#### Task requirements
Below are the records; give again exactly the lines from the one containing "2018春新作/スニーカー/" through the one containing "Комментарии сторонников Фарион", leaving out pictures.

#### Recorded information
* * * * * * * * *
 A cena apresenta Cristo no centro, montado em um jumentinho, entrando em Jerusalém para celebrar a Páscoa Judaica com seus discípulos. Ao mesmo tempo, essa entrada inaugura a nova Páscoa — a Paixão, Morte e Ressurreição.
* * * * * * * * *
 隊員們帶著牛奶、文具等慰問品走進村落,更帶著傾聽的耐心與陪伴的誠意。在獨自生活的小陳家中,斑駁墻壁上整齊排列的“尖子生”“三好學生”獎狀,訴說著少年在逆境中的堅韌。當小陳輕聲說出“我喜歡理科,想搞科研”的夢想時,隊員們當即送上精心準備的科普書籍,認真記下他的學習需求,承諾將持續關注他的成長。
* * * * * * * * *
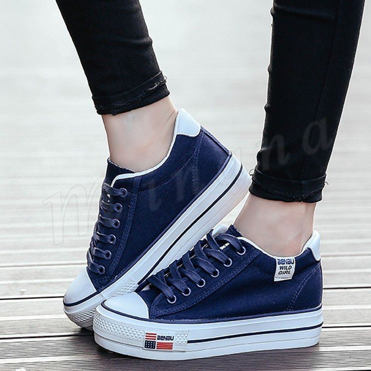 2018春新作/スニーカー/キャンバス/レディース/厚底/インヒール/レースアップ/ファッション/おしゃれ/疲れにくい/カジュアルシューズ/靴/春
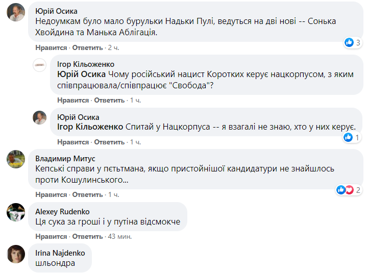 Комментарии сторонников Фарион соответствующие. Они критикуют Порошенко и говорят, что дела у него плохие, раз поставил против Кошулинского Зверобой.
* * * * * * * * *
#### Response
 2018春新作/スニーカー/キャンバス/レディース/厚底/インヒール/レースアップ/ファッション/おしゃれ/疲れにくい/カジュアルシューズ/靴/春
 Комментарии сторонников Фарион соответствующие. Они критикуют Порошенко и говорят, что дела у него плохие, раз поставил против Кошулинского Зверобой.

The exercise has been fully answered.